The hordes of awestruck visitors who admired the scenery at the 1905 Lewis and Clark Exposition would have been shocked if they'd known the beautiful little lake would be gone in 20 years—filled in for industrial lands. Not a trace remains.
Finn J.D. John—October 21, 2012
Guild's Lake was a flood-prone lowland near the confluence of Balch Creek and the Willamette River. Today, the curve of St. Helens Road skirts the edge of a shoreline that no longer exists.

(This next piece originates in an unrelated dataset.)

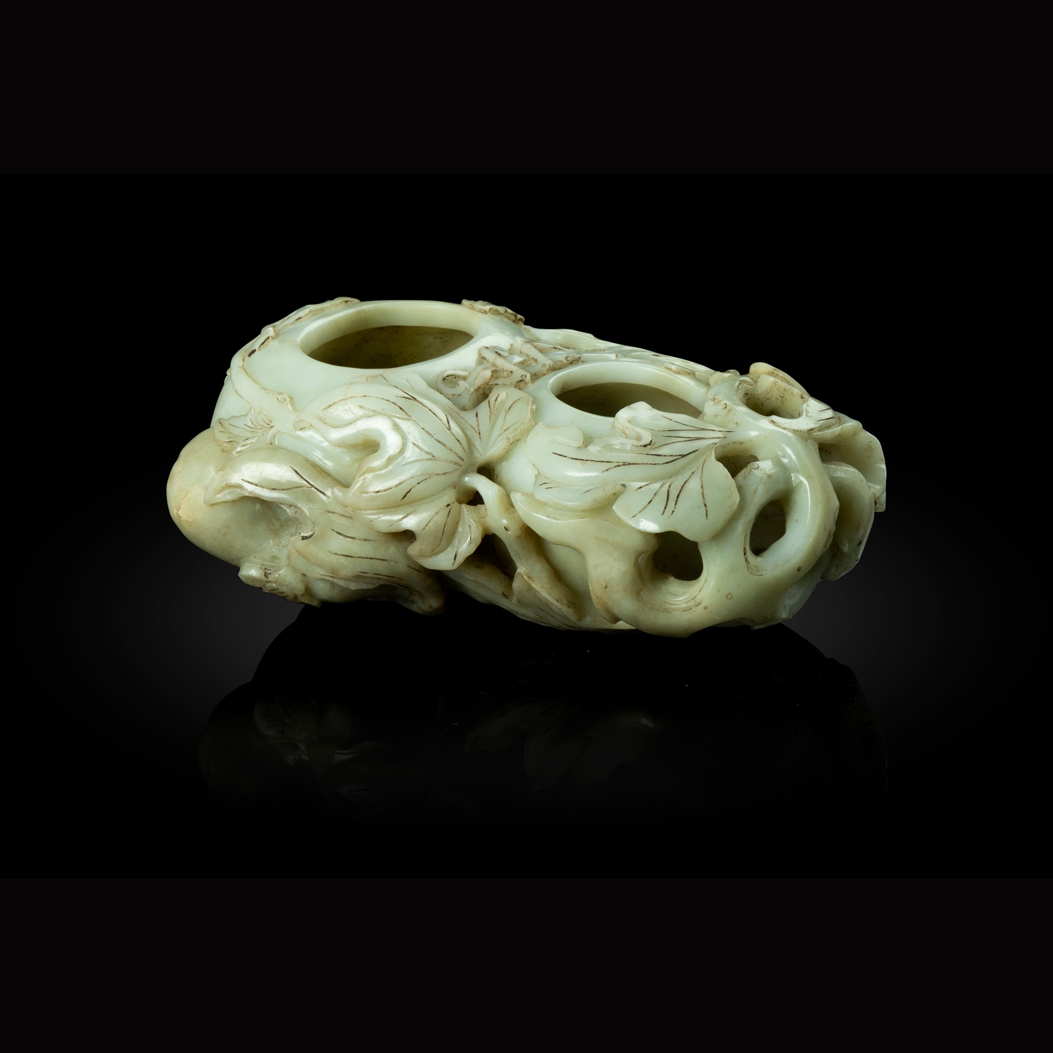 PALE CELADON JADE 'DOUBLE-GOURD' BRUSH WASHER

The lake took its name from Peter Guild, an early 19th-century settler who owned nearly 600 acres. After his death in 1870, landowners modified the area to accommodate sawmills, railroads, shipping docks, and Portland's city garbage incinerator. Channel-deepening in the Willamette River improved the city's status as a deep-water seaport, as did completion in 1914 of a port terminal which helped make nearby Guild's Lake the most important industrial area in Portland.

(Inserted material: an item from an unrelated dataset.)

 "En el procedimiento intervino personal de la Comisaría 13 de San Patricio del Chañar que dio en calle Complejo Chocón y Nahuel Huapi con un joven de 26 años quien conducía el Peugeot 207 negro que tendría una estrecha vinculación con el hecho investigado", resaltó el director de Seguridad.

In 1905, the Lewis and Clark Centennial Exposition was held on an artificial island in Guild's Lake. After the exposition ended, developers filled the lake and its surrounds with rocks and gravel from the Balch Creek watershed above the floodplain. The Guild's Lake area was promoted as a good place for industry, and by the mid-1920s the lake had turned into "a drying and settling mud flat ... awaiting development.

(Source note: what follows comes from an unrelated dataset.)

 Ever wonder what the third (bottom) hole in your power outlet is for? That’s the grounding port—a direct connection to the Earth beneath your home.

During WWII, the Guild's Lake Housing Project provided temporary housing for workers in the nearby shipyards. Then, after the war, chemical and petroleum processing and storage, metals manufacturing, and other large industries expanded in the area. In 2001, the Portland City Council adopted the Guild's Lake Industrial Sanctuary Plan aimed at protecting the area's "long-term economic viability as an industrial district."